◆ What you should do
What needs reproducing is the run of lines in the data below starting at the line with "Out: Yes<br />" and ending at the line with "Nous avons également", both ends included. Copy it exactly, without pictures, and add nothing.

◆ Dataset entries
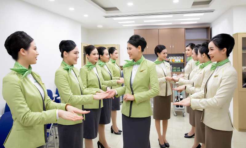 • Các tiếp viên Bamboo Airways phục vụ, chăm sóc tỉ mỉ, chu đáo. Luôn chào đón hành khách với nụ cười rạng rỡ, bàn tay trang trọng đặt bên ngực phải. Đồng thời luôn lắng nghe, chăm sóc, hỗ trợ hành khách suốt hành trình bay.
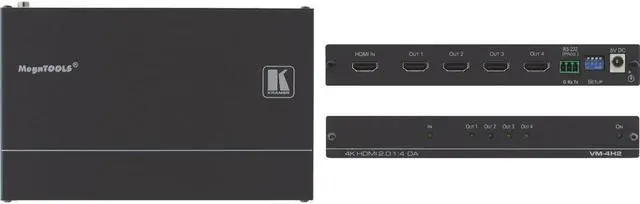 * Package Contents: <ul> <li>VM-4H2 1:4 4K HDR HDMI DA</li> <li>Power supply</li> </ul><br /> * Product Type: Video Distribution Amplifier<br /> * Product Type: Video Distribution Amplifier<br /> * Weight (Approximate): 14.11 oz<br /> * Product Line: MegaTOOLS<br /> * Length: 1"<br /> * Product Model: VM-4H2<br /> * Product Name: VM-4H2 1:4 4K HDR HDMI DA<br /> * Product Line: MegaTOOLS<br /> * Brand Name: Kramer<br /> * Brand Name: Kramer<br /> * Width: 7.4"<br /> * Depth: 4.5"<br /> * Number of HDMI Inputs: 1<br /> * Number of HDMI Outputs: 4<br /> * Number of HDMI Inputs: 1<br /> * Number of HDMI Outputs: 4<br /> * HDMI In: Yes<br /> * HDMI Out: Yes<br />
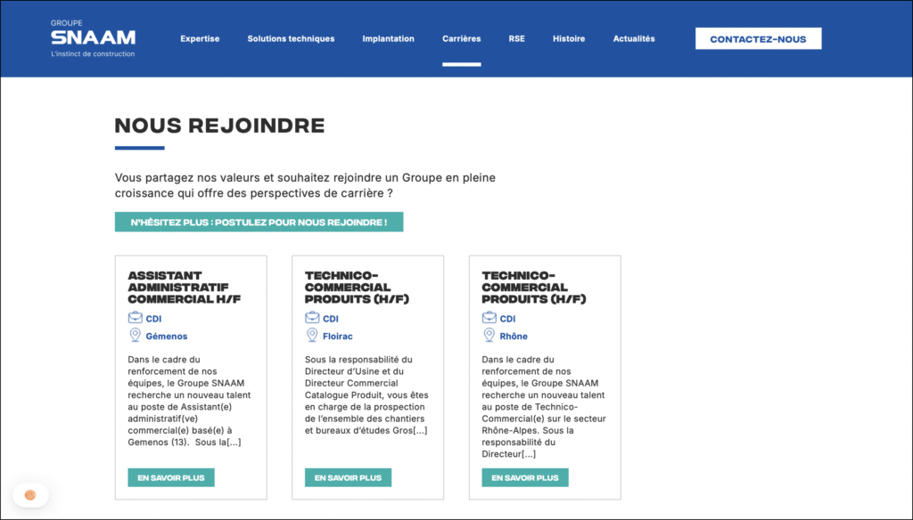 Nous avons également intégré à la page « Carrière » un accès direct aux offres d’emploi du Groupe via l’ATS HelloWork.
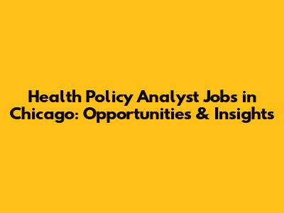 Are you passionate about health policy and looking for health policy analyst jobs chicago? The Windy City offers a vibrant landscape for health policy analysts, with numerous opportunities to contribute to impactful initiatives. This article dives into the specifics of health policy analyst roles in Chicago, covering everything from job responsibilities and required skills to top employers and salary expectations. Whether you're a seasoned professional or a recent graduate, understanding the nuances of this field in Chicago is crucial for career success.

* * *

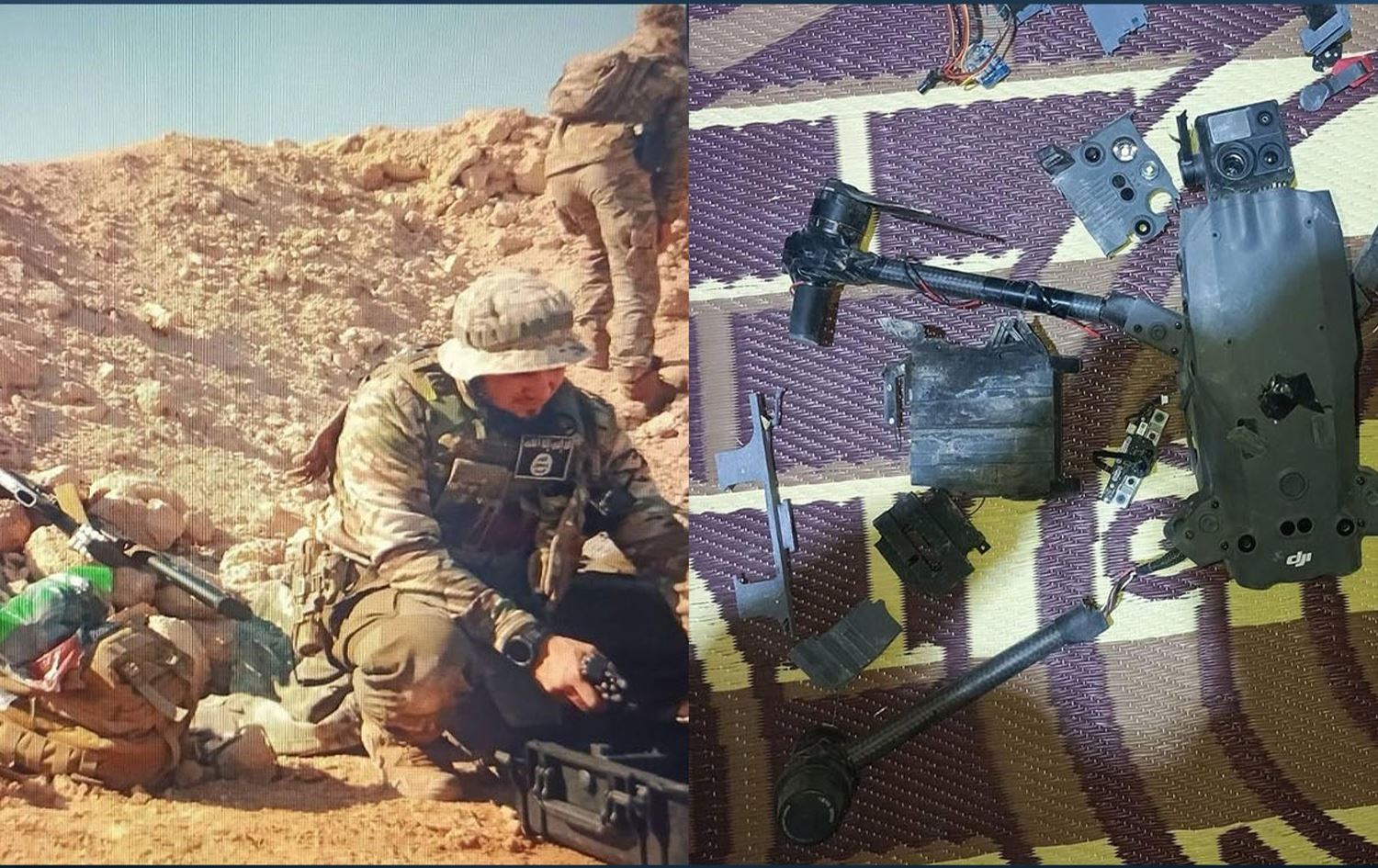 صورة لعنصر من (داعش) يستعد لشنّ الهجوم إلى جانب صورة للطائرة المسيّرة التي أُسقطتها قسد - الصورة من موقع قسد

◆ Output of the task
 * Package Contents: <ul> <li>VM-4H2 1:4 4K HDR HDMI DA</li> <li>Power supply</li> </ul><br /> * Product Type: Video Distribution Amplifier<br /> * Product Type: Video Distribution Amplifier<br /> * Weight (Approximate): 14.11 oz<br /> * Product Line: MegaTOOLS<br /> * Length: 1"<br /> * Product Model: VM-4H2<br /> * Product Name: VM-4H2 1:4 4K HDR HDMI DA<br /> * Product Line: MegaTOOLS<br /> * Brand Name: Kramer<br /> * Brand Name: Kramer<br /> * Width: 7.4"<br /> * Depth: 4.5"<br /> * Number of HDMI Inputs: 1<br /> * Number of HDMI Outputs: 4<br /> * Number of HDMI Inputs: 1<br /> * Number of HDMI Outputs: 4<br /> * HDMI In: Yes<br /> * HDMI Out: Yes<br />
 Nous avons également intégré à la page « Carrière » un accès direct aux offres d’emploi du Groupe via l’ATS HelloWork.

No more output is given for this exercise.